São divididos em cinco classes: Crustáceos, Insetos, Aracnídeos, Quilópodes e Diplópodes.

Artropodes

 

Apresentam um exoesqueleto quitinoso e uma série de apêndices articulados. O exoesqueleto limita o crescimento desses animais, que crescem através do processo de mudas (ecdises), durante as quais trocam o seu envoltório.

A estrutura do sistema respiratório depende do grupo e do habitat de cada espécie. Existem grupos que apresentam respiração branquial (crustáceos), traqueias (insetos, aracnídeos, quilópodes e diplópodes) e cavidade pulmonar (aracnídeos).

O sistema circulatório é do tipo aberto e o sangue é lançado do coração para o interior de cavidades. A excreção pode ser realizada através das glândulas verdes (crustáceos), glândulas da coxa (aracnídeos) ou túbulos de Malpighi (insetos, aracnídeos, quilópodes e diplópodes).

O sistema nervoso é ganglionar, sendo composto por um cordão central ventral, gânglios cerebroides e um anel nervoso.

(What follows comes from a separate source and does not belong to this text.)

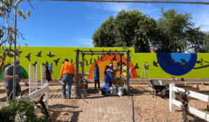 For months leading up to Community Project Action Day, which was held on Saturday, November 5th, volunteers from the A/E/C industry teamed up to imagine a space within the community that would inspire residents to come together, enjoy the company of one another, celebrate holidays and other special occasions, and provide a safe play area for children. It also contains a large mural and a community garden for residents to spend time in and to grow produce for the families living in the community. As the muralist for the Valley Partnership Community Project since 2019, I’ve been gifted with the opportunity to watch the awe-inspiring collaboration of teams connecting to transform spaces that strengthen communities. But this year provided an even greater reward. I was able to collaborate directly with the Landscape Architecture team, led by RVi’s Mark Bailor, who, upon learning about the project, was instantly “all in.”

A reprodução é sexuada, existindo tanto espécies dioicas quanto hermafroditas. O desenvolvimento pode apresentar estágios larvais (indireto) ou ser direto.

A)Crustacéos

Os crustáceos possuem representantes terrestres, de água doce e marinhos. Existem espécies de vida livre e também algumas que vivem fixas a substratos.
Os crustáceos receberam este nome por causa da composição do seu exoesqueleto de carbonato de cálcio, que forma uma crosta. São de hábitos aquáticos, sendo a maioria marinha.
As espécies mais conhecidas são as lagostas, camarões, craca, tatu-bola, siris, caranguejos e tatuzinhos.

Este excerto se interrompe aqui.